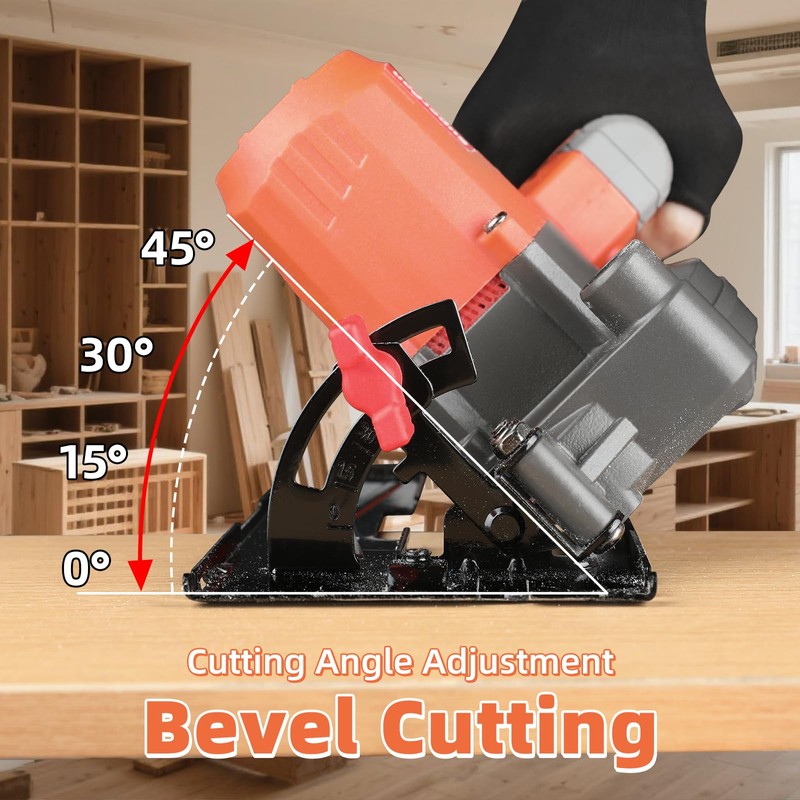 - 【Powerful Mini Circular Saw with 6.0Ah Extended Runtime】This Mini Circular Saw features a high - performance brushless motor paired with a 20V 6.0Ah Li-ion battery (60% larger capacity than standard 4.0Ah models), delivering up to 4.5 hours of continuous cutting for long - term projects. The 4 - 1/2 - inch saw blade and 6700 RPM no - load speed ensure precise cuts, while the brushless motor boosts efficiency by 30% and extends tool lifespan. Weighing only 4.36lbs, this cordless model is super portable for workshops, outdoors, or home DIY, easily slicing through wood, tile, plastics, PVC, and soft metals
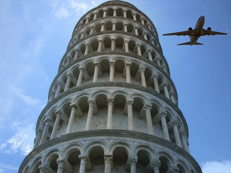 A metaphorical tourism image depicting an aeroplane flying past the leaning tower of Pisa, in Italy.
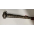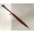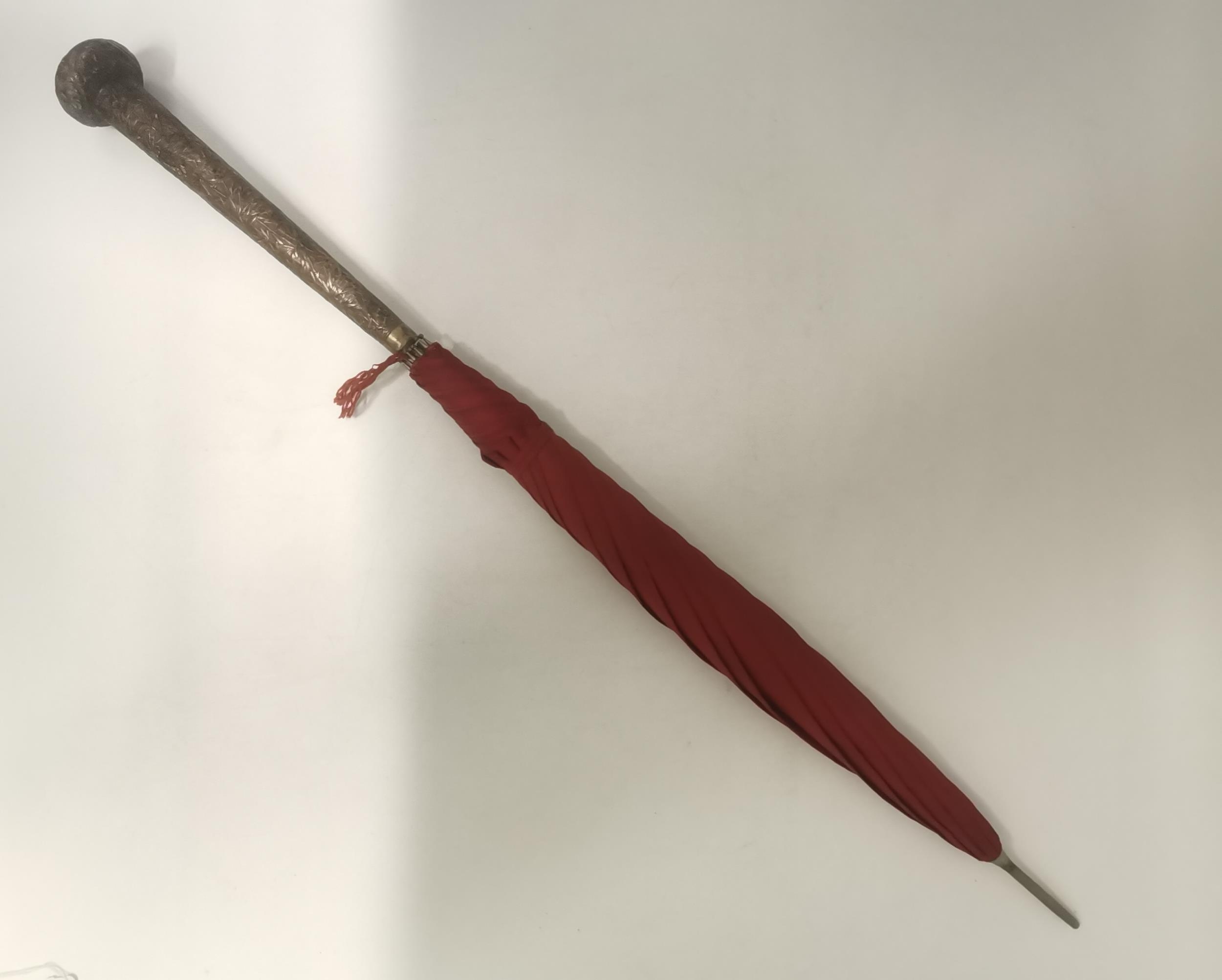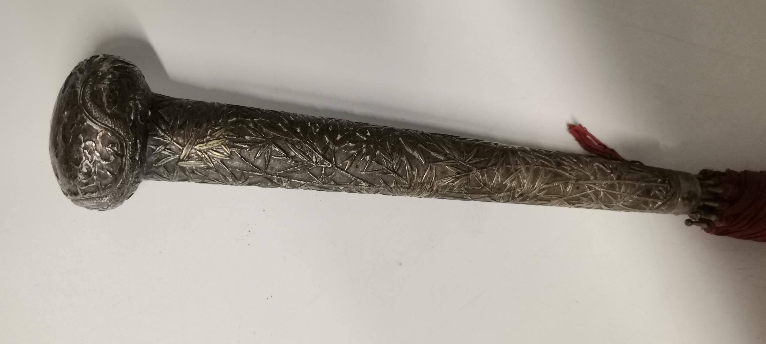 A Chinese white metal-handled red parasol, the handle shaft decorated in relief with bamboo, the pommel with a dragon chasing a flaming pearl. 81.5cm high overall, handle approx. 25cm long

#### [Description of the task]
Transcribe, without alteration, each line from the one with "A metaphorical tourism" through the last line of the data; no pictures belong in the copy.

#### [Answer space]
 A metaphorical tourism image depicting an aeroplane flying past the leaning tower of Pisa, in Italy.
 A Chinese white metal-handled red parasol, the handle shaft decorated in relief with bamboo, the pommel with a dragon chasing a flaming pearl. 81.5cm high overall, handle approx. 25cm long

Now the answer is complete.